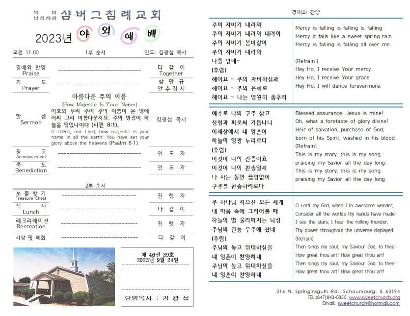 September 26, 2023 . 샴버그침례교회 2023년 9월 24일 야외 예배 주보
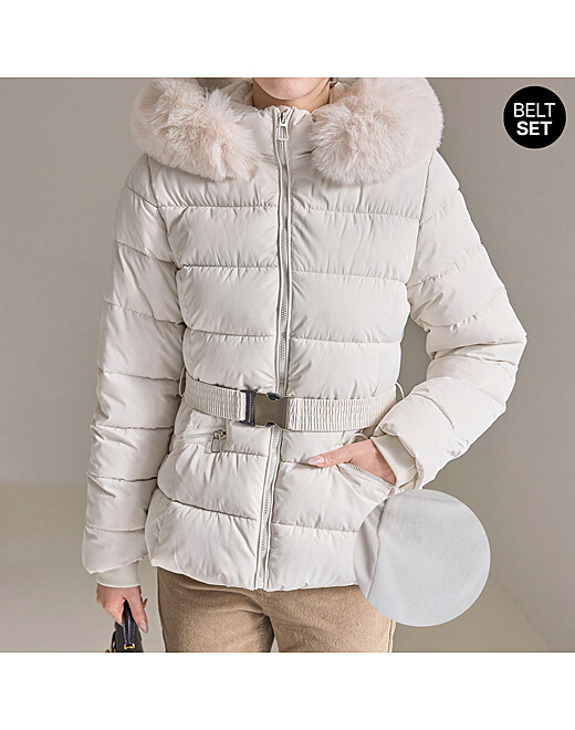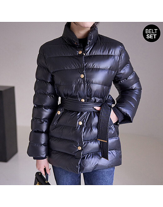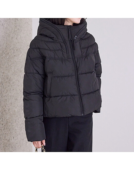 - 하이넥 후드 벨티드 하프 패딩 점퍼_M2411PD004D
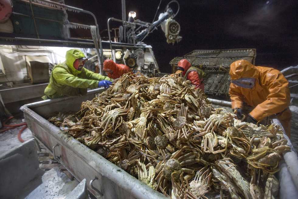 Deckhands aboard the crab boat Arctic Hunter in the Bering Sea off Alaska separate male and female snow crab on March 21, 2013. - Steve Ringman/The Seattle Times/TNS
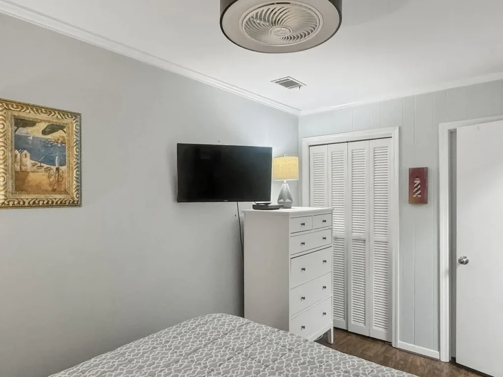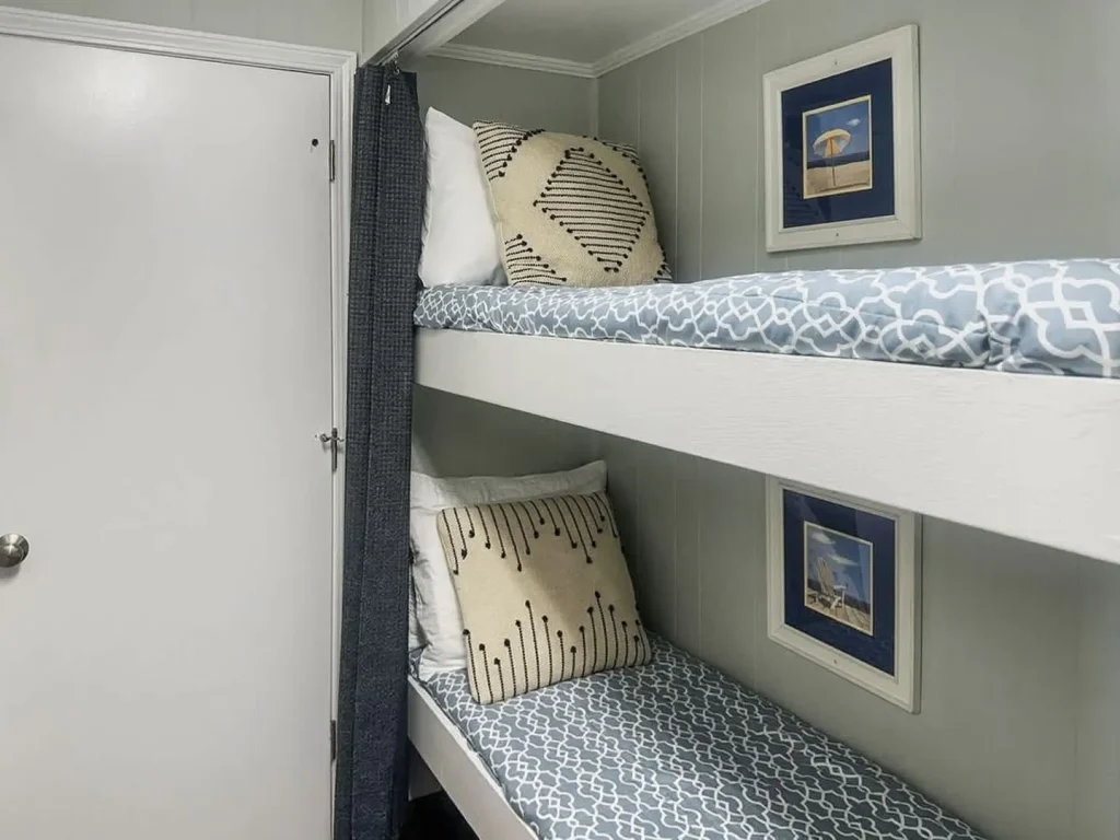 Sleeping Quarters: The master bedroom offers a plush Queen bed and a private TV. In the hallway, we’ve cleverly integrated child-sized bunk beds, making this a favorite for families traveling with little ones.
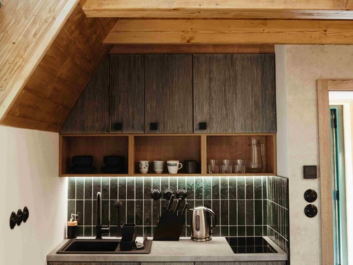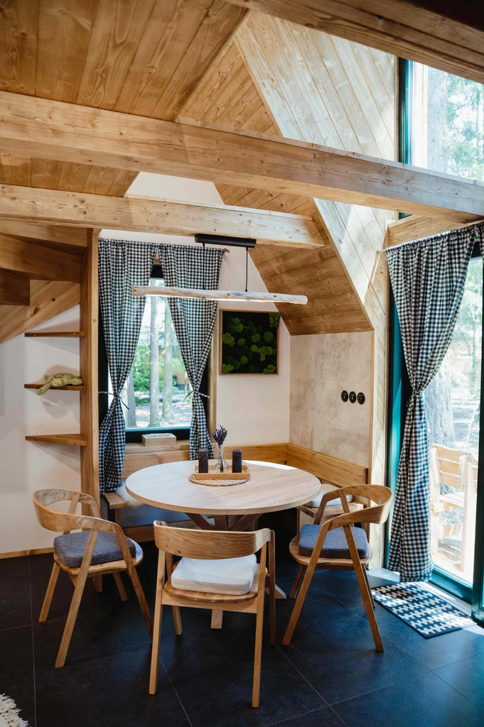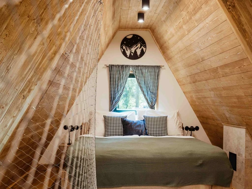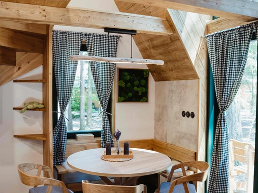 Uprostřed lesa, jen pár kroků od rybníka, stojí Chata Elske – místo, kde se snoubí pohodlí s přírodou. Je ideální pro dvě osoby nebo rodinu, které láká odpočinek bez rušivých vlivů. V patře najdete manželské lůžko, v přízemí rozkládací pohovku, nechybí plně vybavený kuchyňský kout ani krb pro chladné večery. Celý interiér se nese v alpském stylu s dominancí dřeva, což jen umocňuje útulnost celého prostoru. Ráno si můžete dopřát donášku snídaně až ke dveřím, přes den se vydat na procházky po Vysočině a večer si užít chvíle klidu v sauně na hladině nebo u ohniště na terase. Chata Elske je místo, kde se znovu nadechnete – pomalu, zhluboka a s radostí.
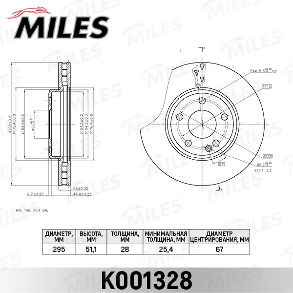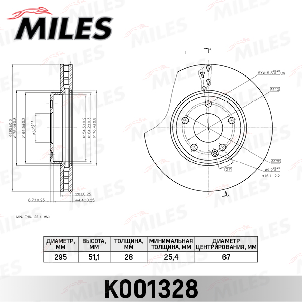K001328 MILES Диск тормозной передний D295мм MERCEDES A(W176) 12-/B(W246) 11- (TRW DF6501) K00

•••

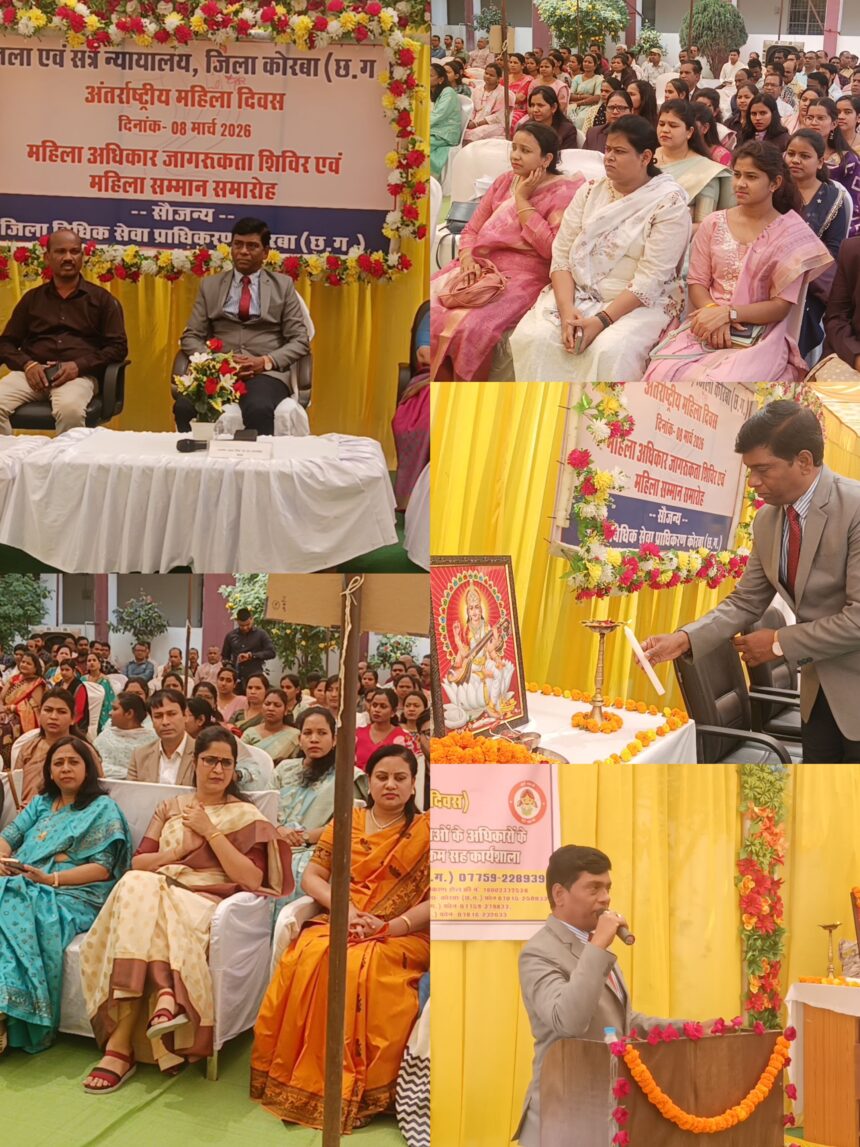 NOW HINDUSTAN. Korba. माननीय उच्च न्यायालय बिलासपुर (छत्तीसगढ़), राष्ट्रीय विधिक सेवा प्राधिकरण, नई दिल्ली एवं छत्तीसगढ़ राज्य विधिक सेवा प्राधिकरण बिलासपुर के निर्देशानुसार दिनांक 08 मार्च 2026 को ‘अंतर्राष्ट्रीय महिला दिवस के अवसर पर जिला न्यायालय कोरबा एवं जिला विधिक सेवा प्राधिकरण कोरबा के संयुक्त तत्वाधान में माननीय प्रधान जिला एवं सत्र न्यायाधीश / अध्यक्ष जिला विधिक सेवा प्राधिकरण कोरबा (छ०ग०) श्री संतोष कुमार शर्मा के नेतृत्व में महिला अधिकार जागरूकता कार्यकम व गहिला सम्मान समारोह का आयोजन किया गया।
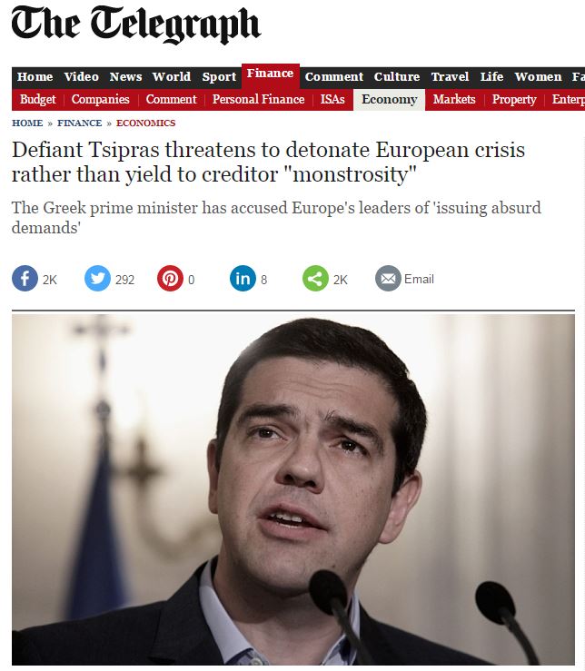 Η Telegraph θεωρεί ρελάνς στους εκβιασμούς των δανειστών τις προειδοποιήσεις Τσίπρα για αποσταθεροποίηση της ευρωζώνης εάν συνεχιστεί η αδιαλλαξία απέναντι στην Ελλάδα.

•••

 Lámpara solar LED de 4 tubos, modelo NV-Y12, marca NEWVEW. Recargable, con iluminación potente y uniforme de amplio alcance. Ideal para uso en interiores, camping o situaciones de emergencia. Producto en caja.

•••

> [REQUIRED WORK]:
Using the data above, which lines fall from the one with "- 하이넥 후드 벨티드 하프 패딩 점퍼_M2411PD004D" through the one with "Sleeping Quarters: The"? Repeat them exactly, ends included, minus any pictures.

> [ANSWER SPACE]:
 - 하이넥 후드 벨티드 하프 패딩 점퍼_M2411PD004D
 Deckhands aboard the crab boat Arctic Hunter in the Bering Sea off Alaska separate male and female snow crab on March 21, 2013. - Steve Ringman/The Seattle Times/TNS
 Sleeping Quarters: The master bedroom offers a plush Queen bed and a private TV. In the hallway, we’ve cleverly integrated child-sized bunk beds, making this a favorite for families traveling with little ones.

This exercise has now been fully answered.